Back then when I was attending a job interview, I was asked to write a Fizz Buzz program to prove that my coding ability. There was only a pen and a piece of paper, so basically means there’s no way I can refer to the documentation for the API syntax. Fortunately I somehow managed to remember and not screw up.
I didn’t know anything about the program, so the interviewer had to explain what he expects from the program. If I recall correctly, the problem was defined as given a list of integers from 1 to 50, print a ‘fizz’ if the number is a multiple of 3, and ‘buzz’ if 5 divides the number. I think my solution to the problem back then was rather simple, like this
<?php
for($i = 1; $i <= 50; $i++) {
echo "$i ";
if($i % 3 == 0 AND $i % 5 == 0) {
echo 'fizz buzz';
} else if($i % 3 == 0) {
echo 'fizz';
} else if($i % 5 == 0) {
echo 'buzz';
}
}
The interviewer back then apparently somehow satisfied, but he then told me it is possible to make it a one liner. While I was impressed, but I didn't really bother to find out at the time, it is just a trivial programming puzzle anyway, no? However, from time to time, I do think about the possibility.
Years later, a couple of days earlier I came across a random status posted by an ex-colleague of mine (iirc). I think the post was about implementing Fizz Buzz in golang, but I didn't really bother to read the article. While continue browsing through the timeline, I started thinking if I am to code a solution to this problem these days, how would I do it?
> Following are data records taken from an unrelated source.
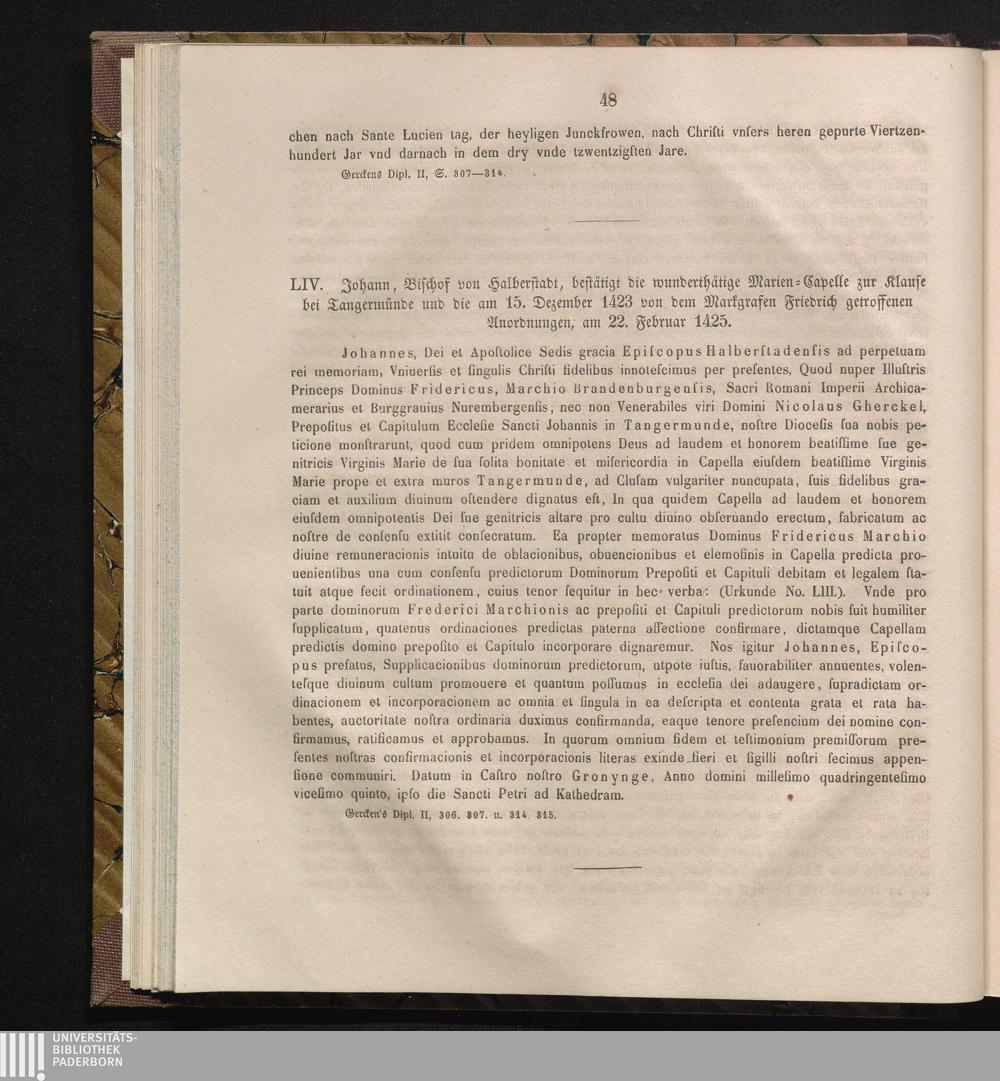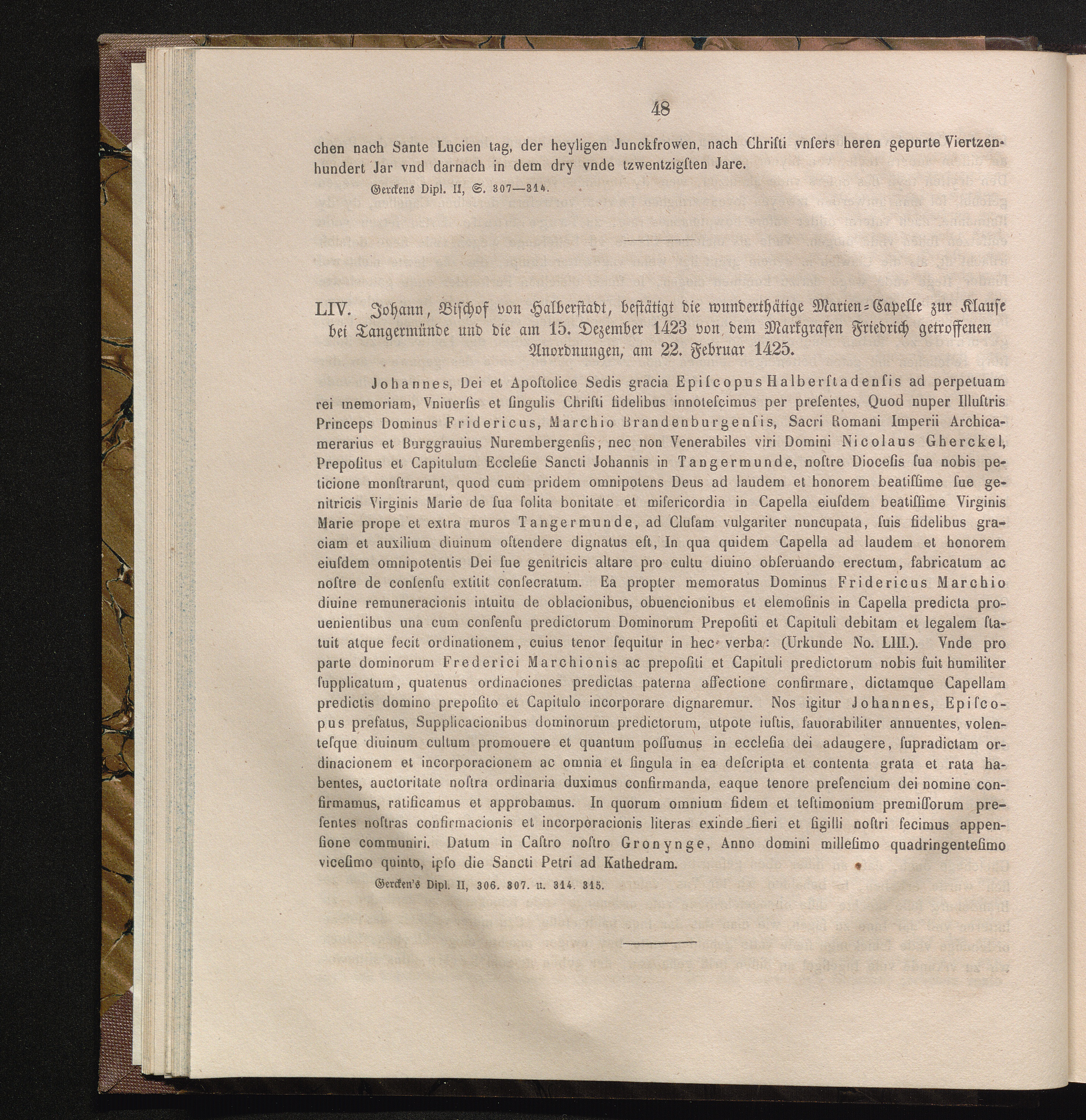 LIV. Johann, Bischof von Halberstadt, bestätigt die wunderthätige Marien-Capelle[...]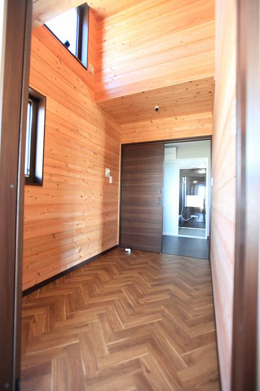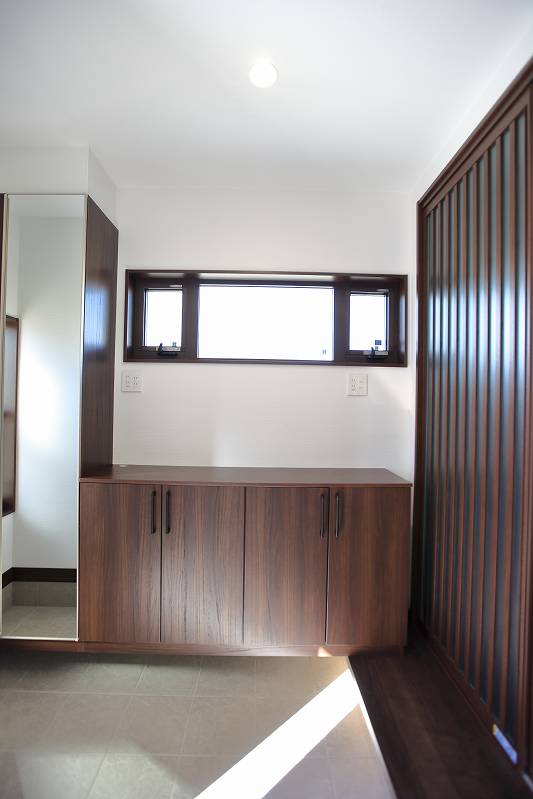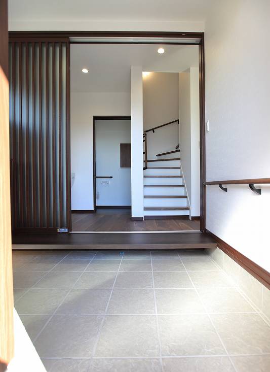 日本家屋らしい式台を設置し、格子がある引き戸で古民家風な玄関に仕上げました。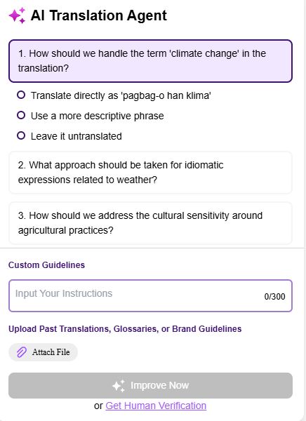It doesn't just translateâit collaborates. After you upload your text, it asks targeted questions about your tone, audience, and preferred style.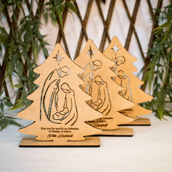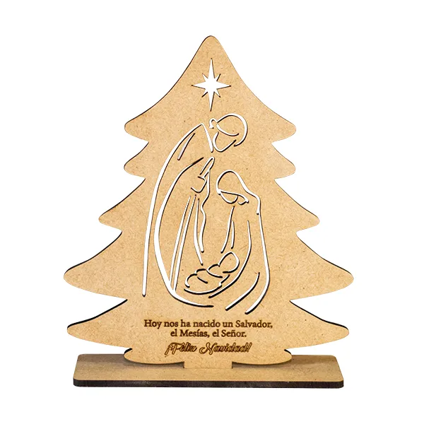 Adorno decorativo Árbol de Navidad Pesebre en madera MDF de 12 cm de alto, 10 cm de largo y 3 cm de ancho. Representa la Sagrada Familia con el niño Jesús, María, José y la estrella de Belén, grabado en diseño minimalista con láser. Ideal para mesas y repisas, su base es estable y ligera. Fabricado bajo pedido con posibilidad de personalización, perfecto como decoración navideña o regalo único. El acabado natural rústico aporta calidez y elegancia, siendo un símbolo significativo del espíritu navideño que destaca en cualquier espacio. Adorno Árbol de Navidad Pesebre en MDF - Elegancia y significado para tu decoración navideña. Personalizable y hecho a mano bajo pedido.

I started picking up habit to do a lot of array_map() and array_reduce() instead of traditional loop, back when I was nearing the end of my first job. Then while I was working on my now nearly abandoned research project I picked up Clojure to see if it is a practical tool to do data manipulation. While I decided to stick with PHP for the data manipulation task, the idea of doing it the functional way somehow stuck. And co-incidentally, PHP finally implemented a somehow more useful anonymous function syntax (no more create_function() for goodness sake).
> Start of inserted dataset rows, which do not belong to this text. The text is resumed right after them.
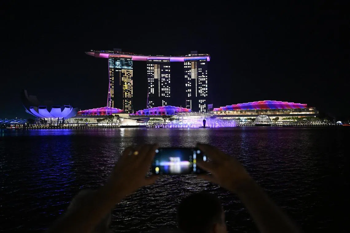 Marina Bay Sands’ facade lit up in Taylor Swift’s Eras Tour concert colours on Feb 28.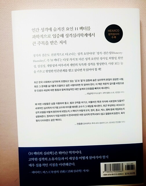 뒷편엔 부록으로 HEXACO검사를 할 수 있는 테스트 문항이 있다.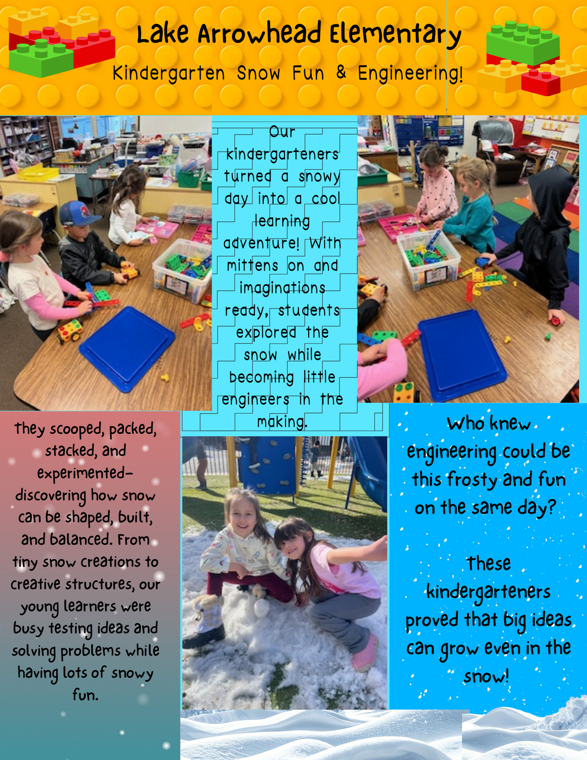 Page: Lake Arrowhead Elementary-Our kindergarteners turned a snowy day into a cool learning adventure! With mittens on and imaginations ready, students explored the snow while becoming little engineers in the making. They scooped, packed, stacked, and experimented—discovering how snow can be shaped, built, and balanced. From tiny snow creations to creative structures, our young learners were busy testing ideas and solving problems while having lots of snowy fun. Who knew engineering could be this frosty and fun on the same day? These kindergarteners proved that big ideas can grow even in the snow!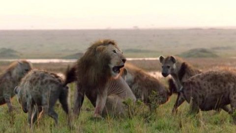 สิงโตหนุ่มกำลังถูกไฮยีน่ากว่า 20 ตัวรุม กระทั่งพี่ชายได้ยินเสียงร้อง จึงรีบวิ่งเข้ามาช่วยอย่างกับพระเอก

So while I didn't bother to read the actual article about fizz buzz in golang, I decided to re-write fizz buzz in PHP the (pseudo-)functional way. The resulting code is shown below
#!/usr/bin/env php
<?php
array_walk(
range(1, 50),
function($number, $key, Closure $processor) {
printf(
'%s %s%s',
$number,
trim(implode(
' ',
array_map(
function(Closure $printer) use($number) {
return call_user_func($printer, $number);
},
array(
call_user_func($processor, 3, 'fizz'),
call_user_func($processor, 5, 'buzz'))))),
PHP_EOL
);
},
function($divisor, $output) {
return function($number) use($divisor, $output) {
return $number % $divisor == 0 ? $output : NULL;
};
});
While it has a lot more line count, and is considerably longer (and more inefficient), but I think I like this version better. The only problem beside it being inefficient, and longer, is that there's no way I can write this without the aid of documentation. I mean who would remember (OK, I won't) the syntax difference between array_walk(), array_map(), array_filter() and array_reduce() etc.
Guess I should just stick with the first one if I am asked again in another job interview in future.